Oneika Raymond, host of two digital series from the Travel Channel – “Big City, Little Budget” and “One Bag and You’re Out” – and a well-known blogger discussed this subject at the Association of National Advertisers’ (ANA) 2019 Influencer Marketing Conference.

Having worked with marketers like financial services provider American Express, beverage giant Coca-Cola, electronics firm Sony and carmaker Toyota on assignments in over 115 countries, Raymond knows what a good tie-up looks like.

And moving beyond short-term affiliations is generally a beneficial approach, she asserted: “It doesn't serve me as an influencer to do a one-off campaign,” Raymond said. (For more, read WARC’s in-depth report: An influencer’s six tips for building meaningful brand partnerships.)

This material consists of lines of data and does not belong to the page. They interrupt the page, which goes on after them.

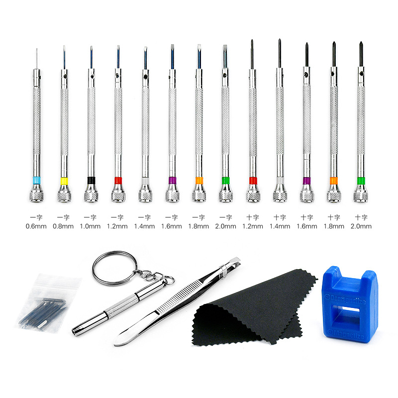 Alat perbaikan jam tangan 0.6-2.0, obeng silang + 13 kepala cadangan + setelan obeng mini
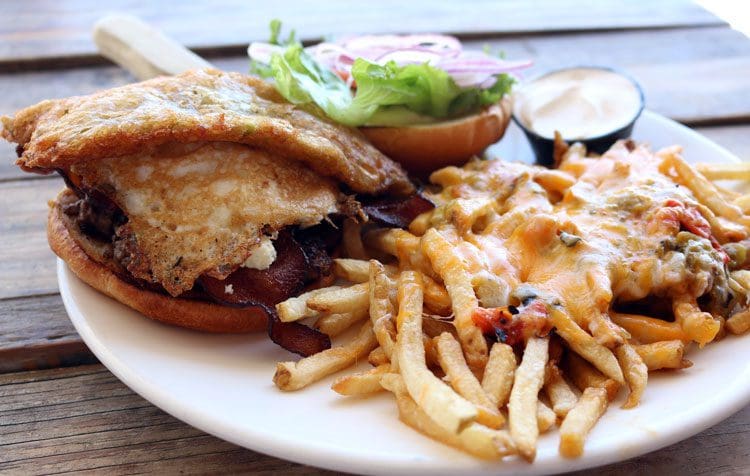 There are only two burgers on the menu, the eponymous Steel Bender and a build-your-own option that starts with lettuce, tomato, and red onion. A “Make Mine New Mexican!” option is sure to be popular bet with house-made queso, Bueno chopped green chile, and onions though much of that would be extraneous if you order the Steel Bender (Cheddar, Swiss, Gorgonzola or American cheese, bacon, fried egg, and a fried Bueno green chile strip with steel bender brewyard sauce). Heed my advice and that of Maxime Bouneou, the much loved and missed former chef-owner of Torinos @ Home who described Gorgonzola as the blue cheese “For You Blue Cheese Haters.” The Steel Bender goes great with the Gorgonzola which is piled on generously. It was one of the burger’s strong points as was the fried egg which didn’t explode onto my shirt as some fried eggs on other burgers have done. We weren’t quite as enamored of the fried Bueno green chile strip whose piquancy (if it had any to begin with) was obfuscated by other flavors. Though we requested medium-rare, the beef patty had nary a hint of pink. Still, this is a better burger than we expected from a brew pub.
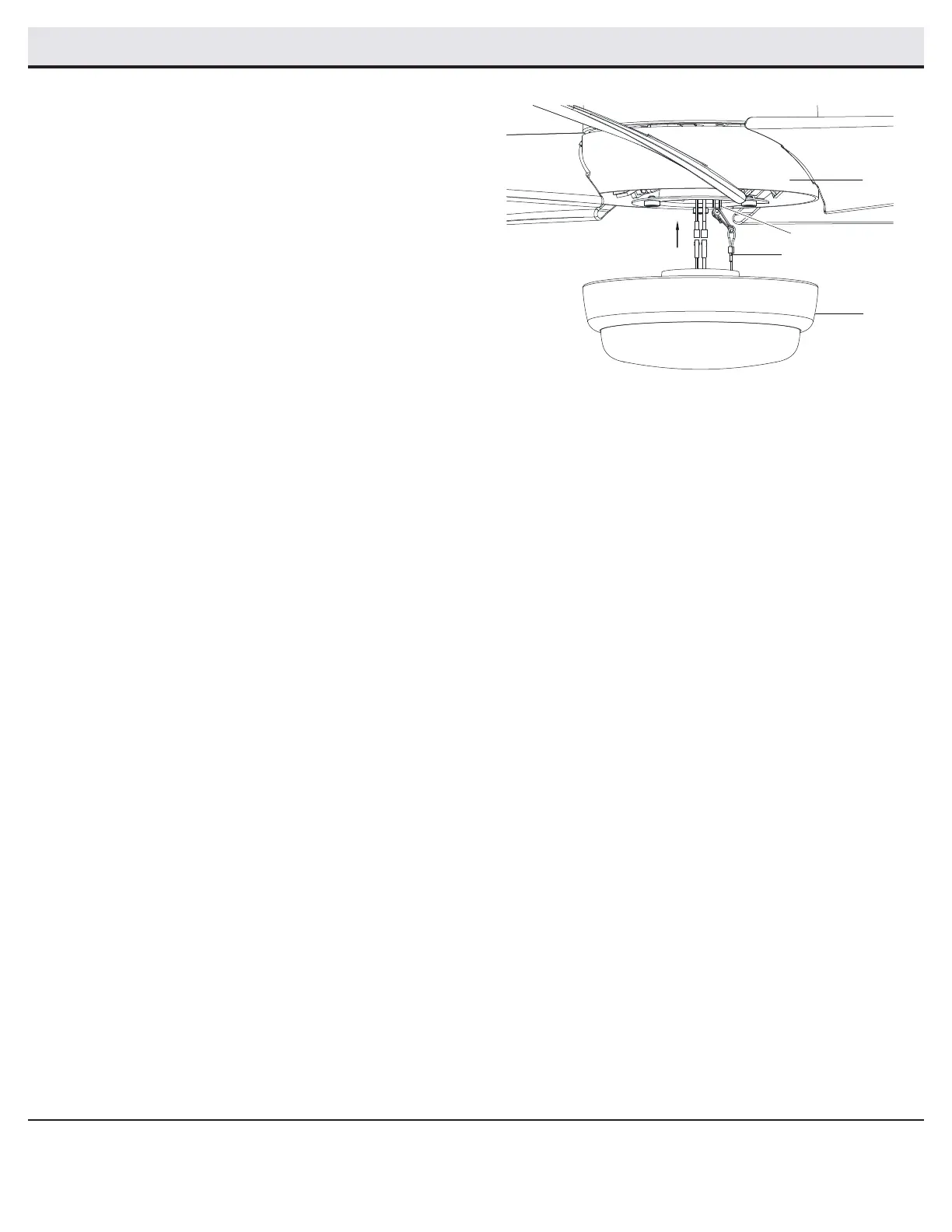 □ Push the light kit assembly (G) up to the motor assembly (E)
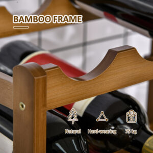 Save space and stay organized with this bamboo wine storage rack from HOMCOM. 4-Tier compact design allows it to save a lot of space and can hold up to 16 wine bottles. Made of hard-wearing bamboo, the freestanding bar shelves provide a natural and warm look and is suitable for everyday use. This display shelf is a must-have for those looking to start their first wine collection or for more experienced collectors.
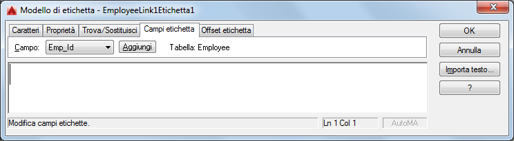 Aggiunge all'etichetta il campo selezionato dall'elenco Campo.
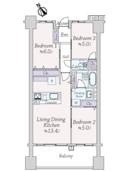 | 専有面積 | 64.71m² | バルコニー面積 | 12.00m² |
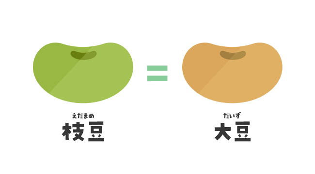 大豆は枝豆(えだまめ)(お父さんたちが夏におつまみに食べている緑の豆です)を夏に収穫(しゅうかく)せずに、そのまま完熟(かんじゅく)させ茶色くなった秋(10月~11月)に収穫(しゅうかく)したものです。 そのため、大豆は茶色になりますが、品種(ひんしゅ)によっては、緑色や黒い大豆もあります。
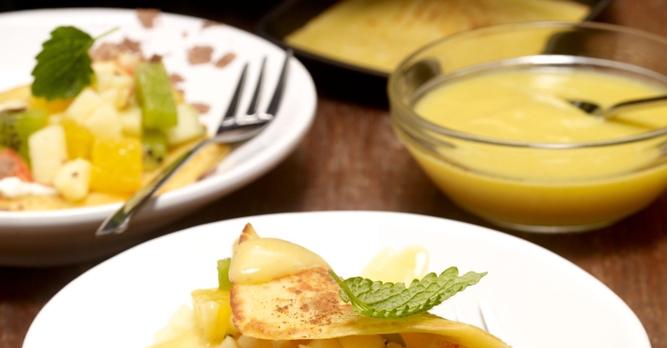 Crêpes je nach Wunsch mit Zimt-Zucker, Raspelschokolade, Frischkäse und Früchten füllen und mit Vanillesoße servieren.
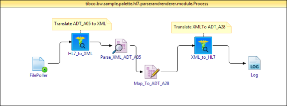 The ParserAndRenderer example shows how to translate input data from one data format to another data format by using parsing. In this case, the ADT_AO5.hl7 data is transformed into ADT_A28.hl7 data by using the TranslateHL7 activity to map and translate data.
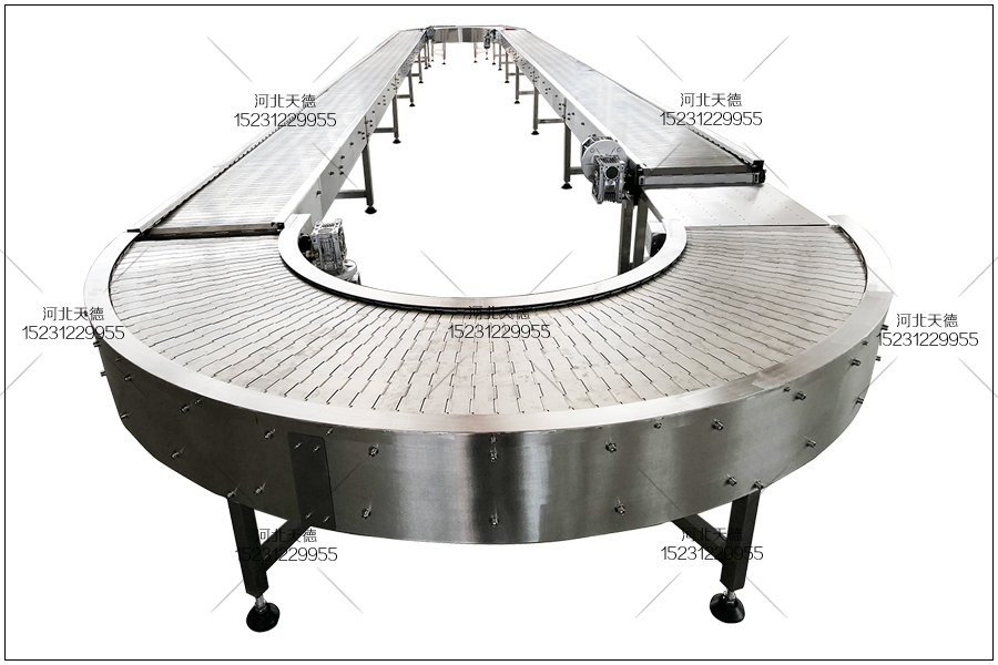 這臺(tái)設(shè)備是北京的客戶定制的,這臺(tái)鏈板輸送機(jī)流水線是由4臺(tái)鏈板輸送機(jī)組合安裝成的,有兩臺(tái)180度轉(zhuǎn)彎機(jī)和兩條平面輸送鏈板輸送機(jī)組裝成的,整臺(tái)設(shè)備長度為12米,寬度為800毫米,采用了2.5毫米后的鋼板轉(zhuǎn)彎成機(jī)身作為機(jī)架使用,采用板厚1.5毫米厚的鏈板作為輸送鏈板來輸送物品。整臺(tái)機(jī)器采用螺絲進(jìn)行拼接安裝成,可以方便的拆卸,運(yùn)輸也十分的方便。
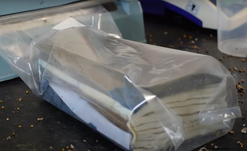 Once you’ve filled your book with as many layers of spawn as possible, it’s time to place it in a bag.
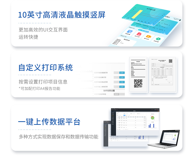 | 安卓智能操作系統(tǒng),采用更加**和人性化操作,儀器具有無線聯(lián)網(wǎng)上傳功能,快速上傳數(shù)據(jù),進(jìn)行數(shù)據(jù)統(tǒng)計(jì)和分析。 | 智能化程度高,儀器具有自檢功能:具有開機(jī)自檢和調(diào)零功能,具有自動(dòng)檢測(cè)重復(fù)性功能;同時(shí),檢測(cè)完成可自動(dòng)打印檢測(cè)報(bào)告和二維碼。手機(jī)掃碼可顯示出詳細(xì)檢測(cè)信息。 | 儀器帶有監(jiān)管平臺(tái),數(shù)據(jù)可局域網(wǎng)和互聯(lián)網(wǎng)數(shù)據(jù)上傳,檢測(cè)結(jié)果直接傳至食品安全監(jiān)管平臺(tái)。進(jìn)行區(qū)域食品安全監(jiān)管及大數(shù)據(jù)分析處理與數(shù)據(jù)統(tǒng)計(jì),檢測(cè)區(qū)域食品安全長短期動(dòng)態(tài),達(dá)到食品安全問題預(yù)估、預(yù)警 。 | 樣品處理簡(jiǎn)單省力,整體操作快速、安全、便捷。 | 儀器具有自身保護(hù)功能,可設(shè)置用戶名及密碼,防止非工作人員操作等。 | 內(nèi)置強(qiáng)大的數(shù)據(jù)庫,可在儀器上直接選擇樣品名稱、檢測(cè)指標(biāo)、送檢單位等信息,也可在儀器上直接編輯錄入樣品名稱、檢測(cè)指標(biāo)、送檢單位等信息并保存進(jìn)樣品數(shù)據(jù)庫,方便后期操作調(diào)取使用。 | 儀器具有重新校準(zhǔn)、鎖定、恢復(fù)出廠設(shè)置功能。 |

For marketers, she further ventured, “If you employ an influencer on a six-month on 12-month term, you can better ensure the brand messaging stays alive over that duration.”

Logistics and logic support this model: “It makes way more sense to employ ten influencers for six to 12 months, rather than employing 50 people for two weeks. Yes, you may get that spike, that burst. But the cycle moves along really quickly.

“If you want your brand to be on the lips and on the minds of consumers, the influencer engagement needs to be enduring; it needs to be something that occurs at various times, as opposed to just one major push,” said Raymond.

Analysis of influencer marketing, Raymond continued, too often is grounded on quantitative indices instead of qualitative impact: “They focus almost singularly on numbers, not on engagement,” she said.

The problem with that approach? “We are in the time of the micro-influencer. Kim Kardashian is cute, but we're kind of over her. We may like her photos, but we know that she's not going to engage with us.”

But send a message to an influencer who pays more attention to her audience, and there is a strong possibility that they are “going to give you the time of day.”